2. History of the Samaritans in their relationship to the Jews.—Although the Samaritans claim descent from the patriarchs (John 4:12
), and present us with an unbroken history, and although it is to some extent true that they represent the spirit of the tribe of Ephraim (Renan, Lang. Semit. p. 230), we must date their characteristic existence as a people only from the time of their conflicts with Ezra and Nehemiah. We regard the Samaritan statement (el-Tolidoth), that 300,000 men besides women and children were brought back from captivity in the days of Sanballat, as baseless; but, on the other hand, when Israel was carried away captive, a remnant must have been left; and that such was the case we have abundant evidence (2 Kings 23:17-20, Jeremiah 41:5
). Their appearance as a community dates only from the time of their mingling with the Assyrian colonists settled in the land, and it is from the leading party amongst these that they are frequently designated Cuthaeans (2 Kings 17:24
). There can be no question of the accuracy of the OT narrative of the originally mixed origin of the Samaritans, but repeated accessions from Judaism (Nehemiah 13:28-29
; Ant. xi. viii. 2 and 6), probably ultimately outnumbering the original colonists, and the manifest reversion to the pure Semitic type, induce us to believe that the existing Samaritan race has but little connexion with the old Turanian colonists, and is probably now of almost as pure Hebrew blood as the modern Jew.

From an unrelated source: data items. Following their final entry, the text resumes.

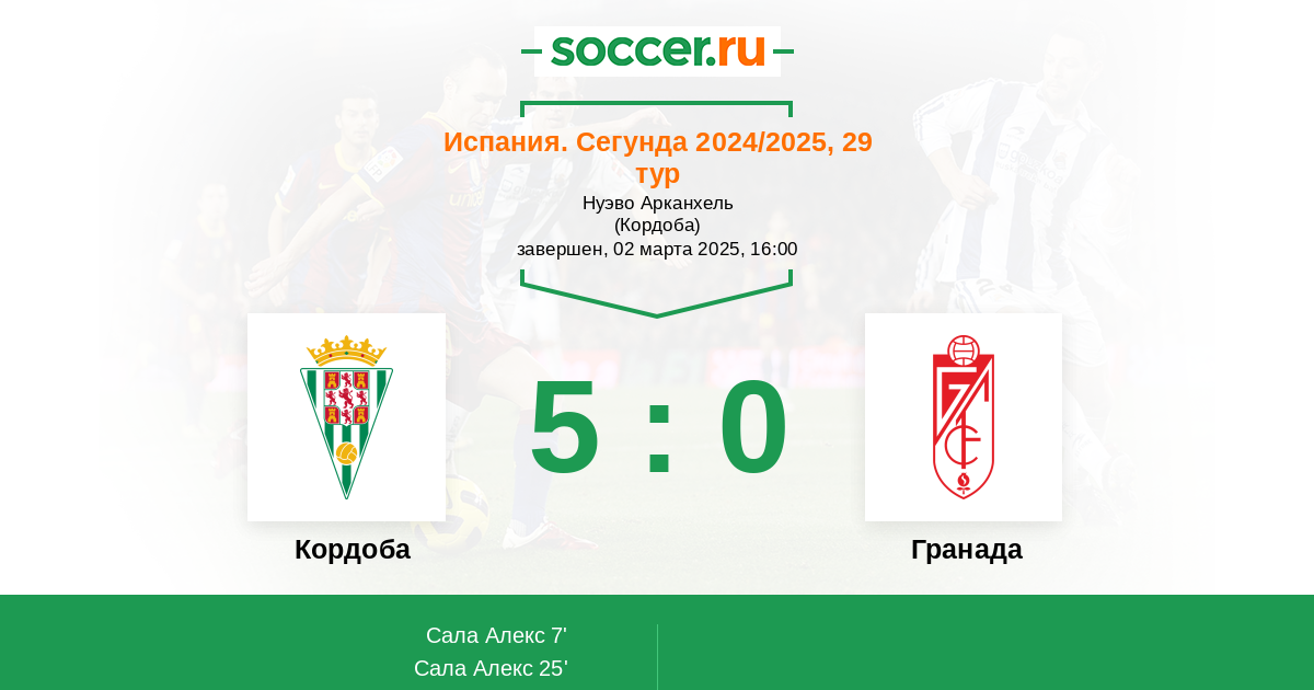 Протокол матча Кордоба против Гранада
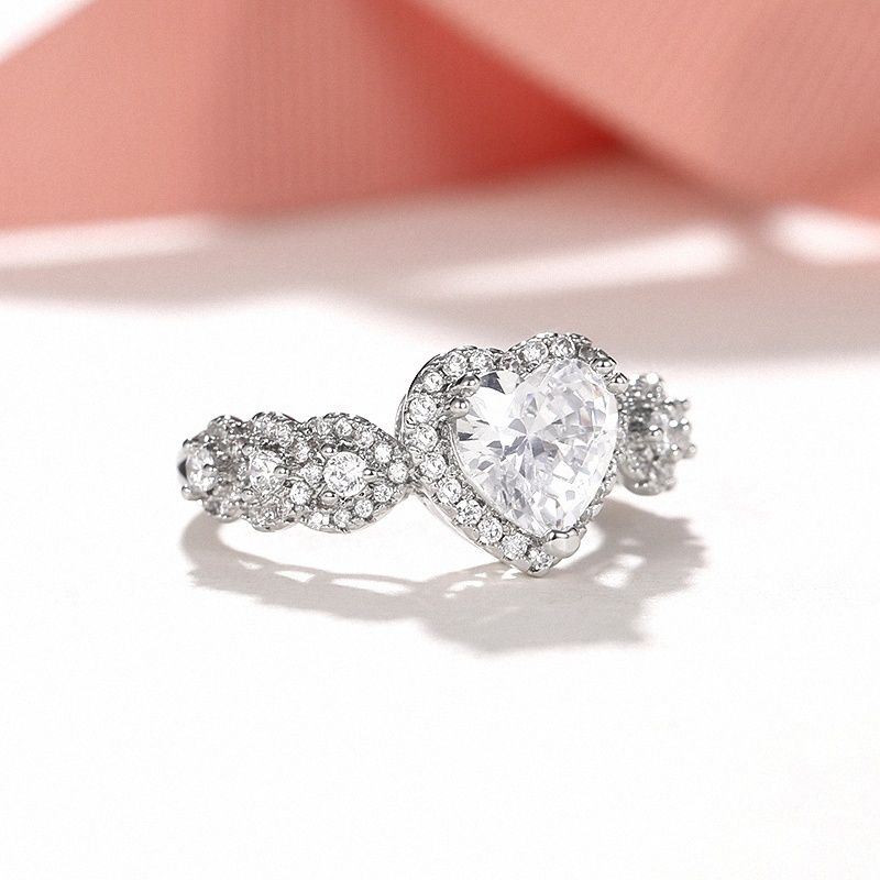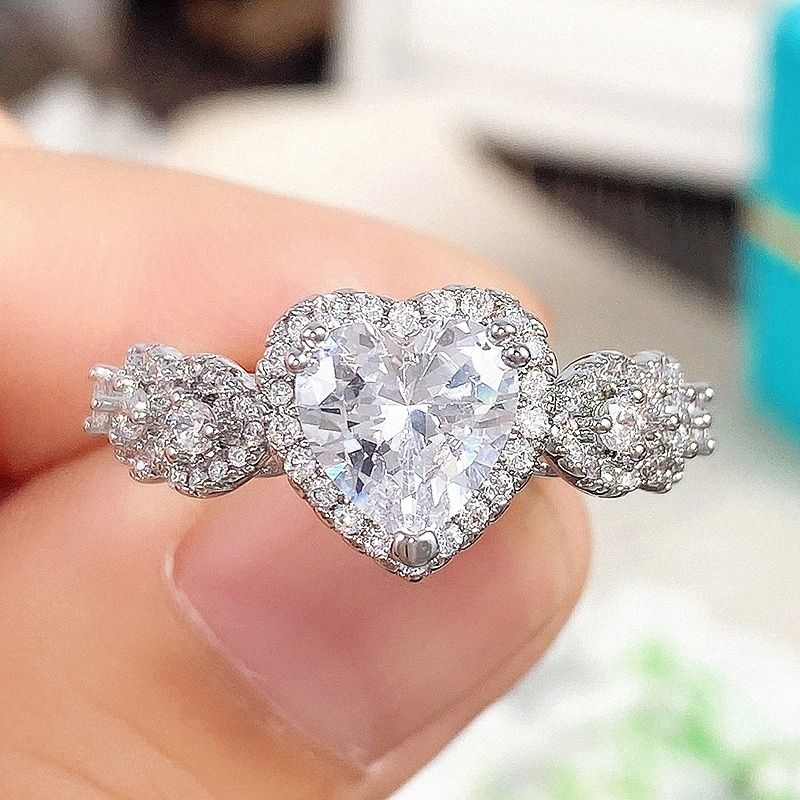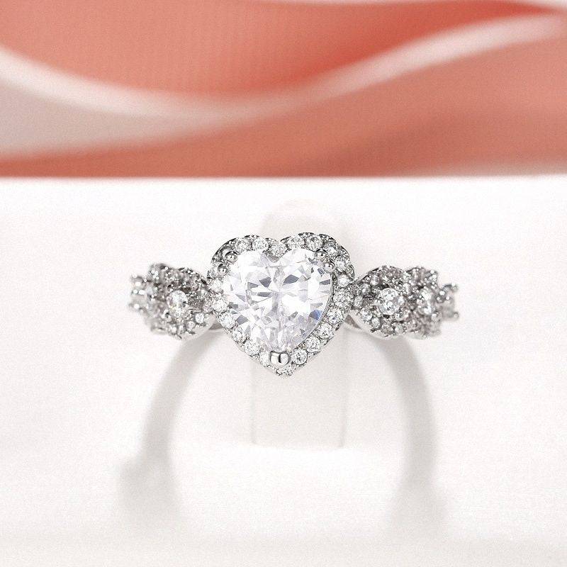 Delicate 925 Silver Plated Micro Pave Zircon Heart Cut White Crystal Rings For Women Bridal Romantic Engagement Proposal Gift
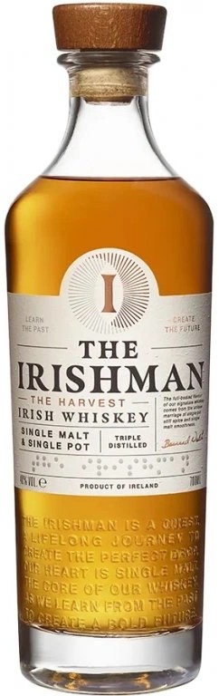 The Harvest je nové pojmenování pro dřívější Irishman Founder’s Reserve. Jde o unikátní pojetí tradiční irské whiskey. Třikrát destilovaná, Single Malt a Single Pot Still. Ve vůni lze ucítit nejprve slad a broskev, pak broskvový sorbet, broskvový ledový čaj nebo sousto zralého čerstvého ovoce. Vše je jemné a delikátní. Dřevitá, dubová, smetanově karamelová chuť - jako lahodná karamelka. To je vliv sladu a pot still destilace. Ucítíte neuvěřitelnou jemnost. Ale tóny dubu a sladového ječmene vás nenechají na pochybách o tom, co pijete. Dlouhý dubový závěr s doteky karamelu. Jako by nikdy nechtěl skončit.

For their rejection from all participation in the rebuilding of the Temple the Samaritans never forgave the Jews (Ezra 4:3-4, Nehemiah 2:20
), and for their attempted hindrance of that work the Jews bore the Samaritans no less a grudge. The breach became irrevocable when a rival priesthood and temple were set up on Gerizim. Jewish and Samaritan tradition agree as to the date of this event, which Josephus sets down wrongly in the time of Alexander the Great and Jaddua the high priest (b.c. 332)—one hundred years too late (Ant. xi viii. 2); but, though his account is clearly mixed with fable, there may still be some historical basis for the extra details he gives. About b.c. 200, during the weak rule of the high priest Onias ii. (d. b.c. 198), the Samaritans, being then in a flourishing condition, are accused of having harassed the Jews and carried away captives to serve as slaves (Ant. xii. iv. 1). In his account of Maccabaean times Josephus continually accuses them of denying all kinship with the Jews, when they see them in suffering and difficulties, and of claiming to be Sidonians (Ant. xii. v. 5); but, on the contrary, when good fortune befalls the Jews, they claim to belong to that race, and to derive their descent from Joseph (ib. ix. xiv. 3, xi. viii. 6, xii. iv. 5). John Hyrcanus (c.
b.c. 128) made an expedition against Samaria (Ant. xiii. x. 2). After repeated successes against their ally and protector Antiochus Cyzicenus, he took Samaria, ravaged the country, subdued the Cuthaeans who dwelt about the temple at Gerizim, and destroyed their temple (Ant. xiii. ix. 1). During the period of unrest that followed the deposition of Archelaus (a.d. 6), the Samaritans became so aggressive that they came privately into Jerusalem by night, and, when the gates of the Temple were opened just after midnight, they entered and scattered dead men’s bodies in the cloisters to defile the Temple (Ant. xviii. ii. 1). Another incident is later recorded, which led to very serious consequences. A number of Galilaean pilgrims were attacked, and many killed, at Ginea (Jenîn), the first Samaritan village on the way (Ant. xx. vi. 1–3). This led to civil war for a time, then to the intervention of the Roman authorities, and ultimately to a decision in favour of the Jews by Claudius himself (a.d. 51). At a still later period we find the Jews excluding the Samaritans, as also Christians and pagans, from Capernaum, Nazareth, and Sepphoris (Epiphanius, adv. Haer. i. 11). Nor was it only in Palestine that the jealousies continued to exist. Alexander and Ptolemy Lagi had taken many Jews and Samaritans to Egypt (Ant. xi. viii. 6), and there in Alexandria we read of rivalry and disorders between them (Ant. xii. i. 1), the disputes being, as usual, regarding the relative merits of Jerusalem and Gerizim.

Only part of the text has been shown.